# What's a speed indicator used for?



## Ebel440 (Oct 1, 2014)

I got an old starrett improved speed indicator number 106 I think. It has no model number but looking in an old catalog that's what it looks like. I have never seen one before and no one at my work knows what it is. What's it used for? Is it just to check rpm on a lathe?


----------



## Alan Douglas (Oct 1, 2014)

Perhaps it's from the days of overhead line shafts and belts, where there would be no way of knowing the speed except to measure it.


----------



## dgehricke (Oct 1, 2014)

The 104 and the 107 speed indicators are model numbers from Starrett tools. They were used to measure the speed of machine spindles ,shafts, wheels and other rotating applications. the 104 was good for RPMs up to 2000 rpm and the 107 was good for 5000rpms.
hope this helps.
regards
dgehricke


----------



## Ebel440 (Oct 1, 2014)

I found the model 106 improved speed indicator in a 1915 catalog and the one I found seems to resemble the 106 the most. It has a patent on the tool from 1897. I saw a 104 for sale the same day and it was a little different.


----------



## Bill Gruby (Oct 1, 2014)

It is an early form of hand held tachometer. It measures speed in RPM's. 

 "Billy G"


----------



## Vladymere (Oct 1, 2014)

Knowing the spindle RPM and the diameter of your stock you can then determine the stocks surface feet per minute which is used to determine the depth of cut.




Vlad


----------



## pebbleworm (Oct 1, 2014)

I have one and it is fun to use.  And definitely the cheapest speed indicator you can find, if not that precise.  I like it.


----------



## kd4gij (Oct 2, 2014)

I have one. What are thay used for?:thinking: Well thay are fun to play with. Everybody should have one.


----------



## Ebel440 (Oct 8, 2014)

I played with it a little but didn't try it on my lathe yet.
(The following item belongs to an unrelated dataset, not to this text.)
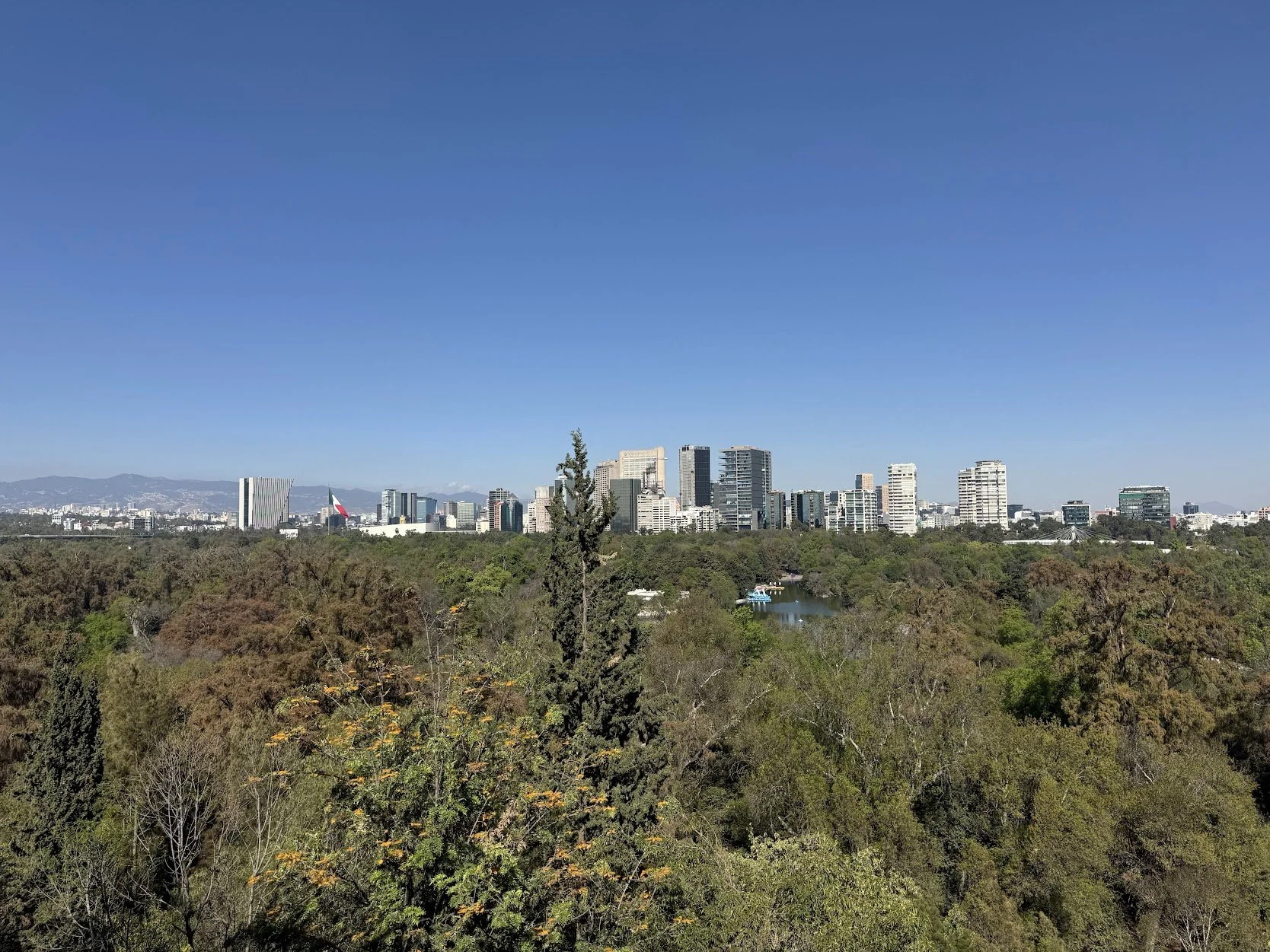 The views of Mexico City become stunning as you walk higher on the hill. This is looking back at the “Reforma” area of Mexico City, a part of the city with beautiful hotels and great restaurants.

I'm guessing you need to time it for a minute and that's your rpm?


----------



## kd4gij (Oct 8, 2014)

Yes it is real hi tec. You just need a watch to use it. ATime it for 1 min or a half min to get your RPM's And then turn it back to "0" by hand.:roflmao:


----------



## pebbleworm (Oct 8, 2014)

It's like taking the pulse of the machine.  If you have a variable speed motor with no tachometer it really is helpful in zeroing in speeds and feeds.  At least for someone who has no claims to being a professional machinist.  If you are dealing with this stuff all day, every day you would have a sense for it.


----------



## mixdenny (Oct 21, 2014)

They still sell them, they are pretty much unchanged in 100 years. The earlier ones are collectible, here is part of my collection.   Dennis


----------



## The Liberal Arts Garage (Feb 29, 2016)
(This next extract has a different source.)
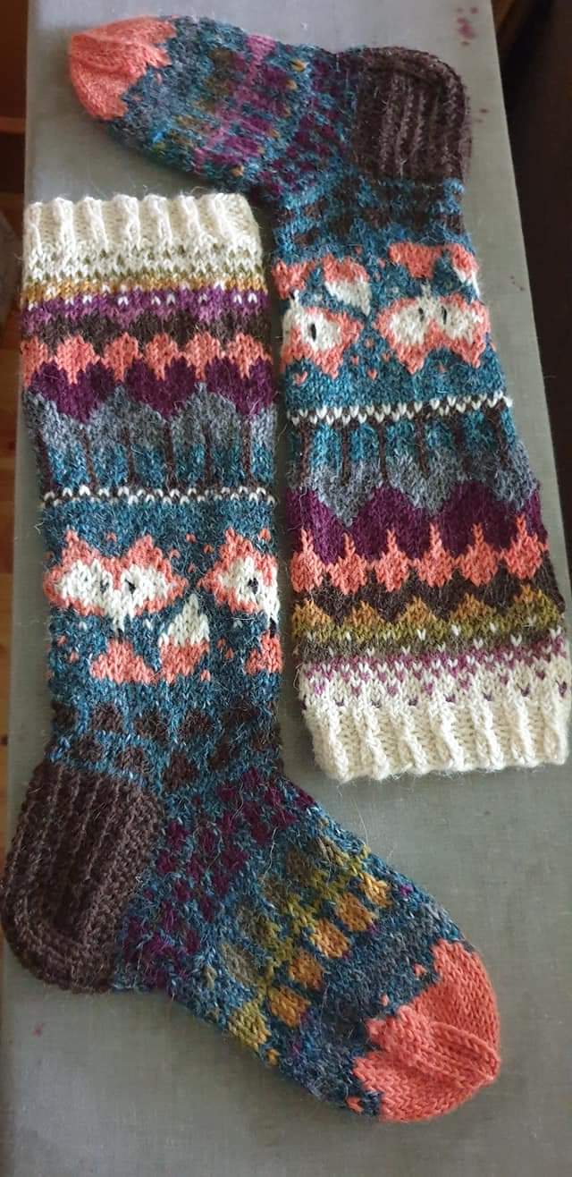 Tämän kuvan tekstivastine: Kettuaiheiset kirjoneulesukat

You're   Mostly right- most useful in o.h. Belt days. The high- tech guy had a horse
timing watch in a hunting case. Gave mine away as a curiosity. ........BLJHB


----------



## 4GSR (Feb 29, 2016)

I bought one new in 1978 to use to set the analog tachometers to the motor RPM's on DC motors back then.  The photocell ones they had back then cost over $1000 bucks! Company was too cheap to buy one.  Now, I have one that that is electronic digital, still photocell, but much smaller scale, that I only paid about $35 bucks for.  The Starrett one was half of my paycheck back then, a whopping $75!  Something like that.  I still have it, too.


----------



## gi_984 (Mar 1, 2016)

I actually picked up one off Craigslist for $20.  I'll eventually get around to checking the actual speeds on some of my machines at different settings.


----------